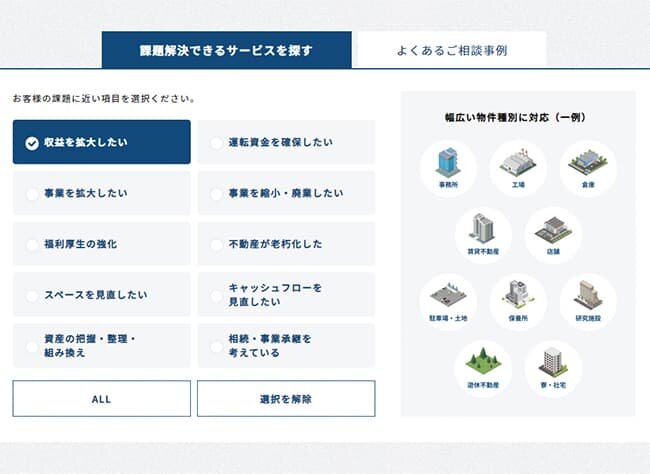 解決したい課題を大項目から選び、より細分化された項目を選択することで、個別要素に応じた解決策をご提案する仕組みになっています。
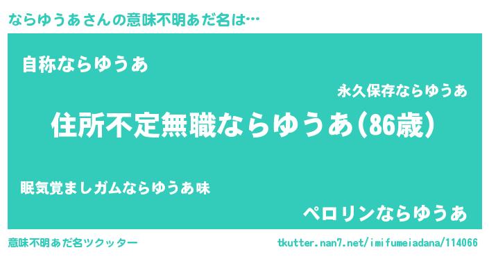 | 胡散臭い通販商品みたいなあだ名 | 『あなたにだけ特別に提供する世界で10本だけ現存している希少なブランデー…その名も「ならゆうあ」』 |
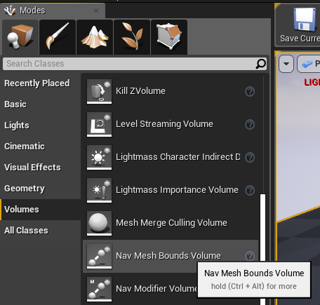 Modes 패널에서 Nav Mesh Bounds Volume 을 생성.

#####

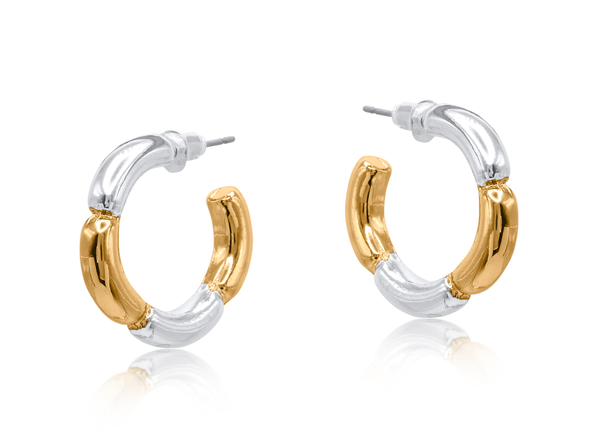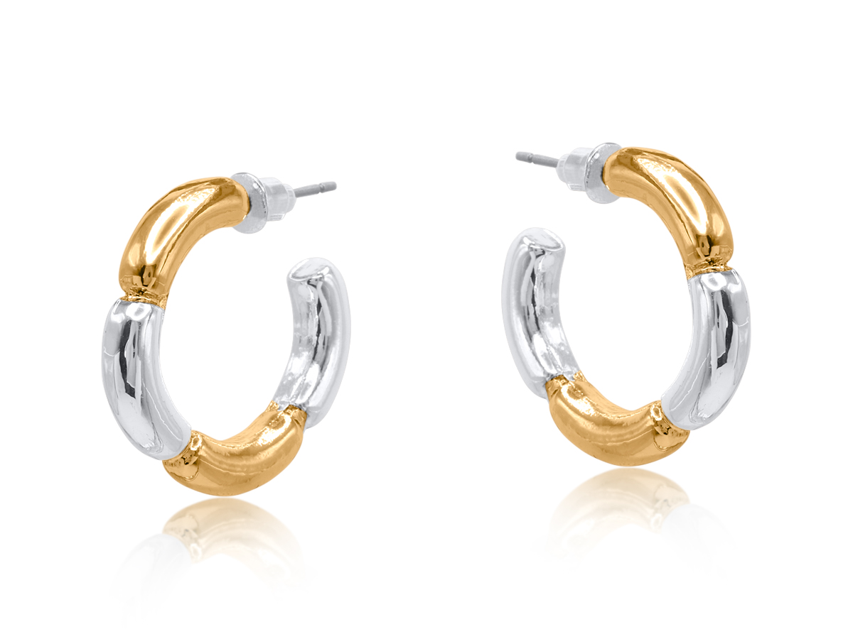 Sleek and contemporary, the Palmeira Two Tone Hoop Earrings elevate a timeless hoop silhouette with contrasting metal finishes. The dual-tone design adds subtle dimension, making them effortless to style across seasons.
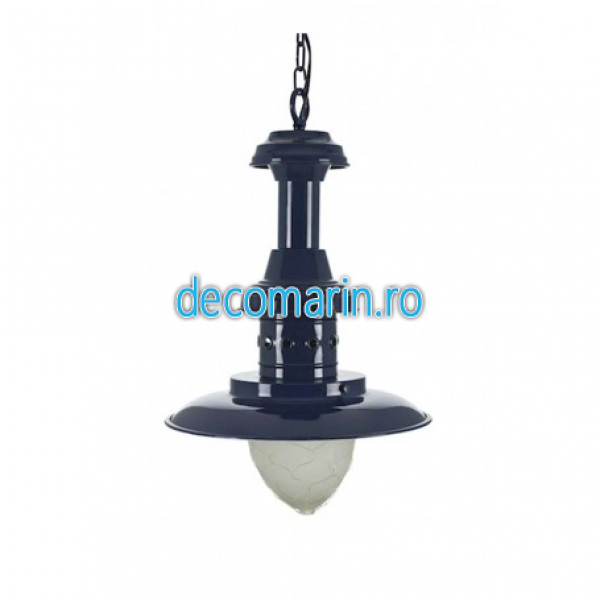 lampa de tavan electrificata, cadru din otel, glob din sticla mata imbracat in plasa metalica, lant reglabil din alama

#####

WORK ORDER: Between and including the line above that contains "解決したい課題を大項目から選" and the line that contains "Modes 패널에서 Nav Mesh Bounds Volume 을 생성.", restate every line word for word. Pictures stay out.

WRITTEN RESPONSE:
 解決したい課題を大項目から選び、より細分化された項目を選択することで、個別要素に応じた解決策をご提案する仕組みになっています。
 | 胡散臭い通販商品みたいなあだ名 | 『あなたにだけ特別に提供する世界で10本だけ現存している希少なブランデー…その名も「ならゆうあ」』 |
 Modes 패널에서 Nav Mesh Bounds Volume 을 생성.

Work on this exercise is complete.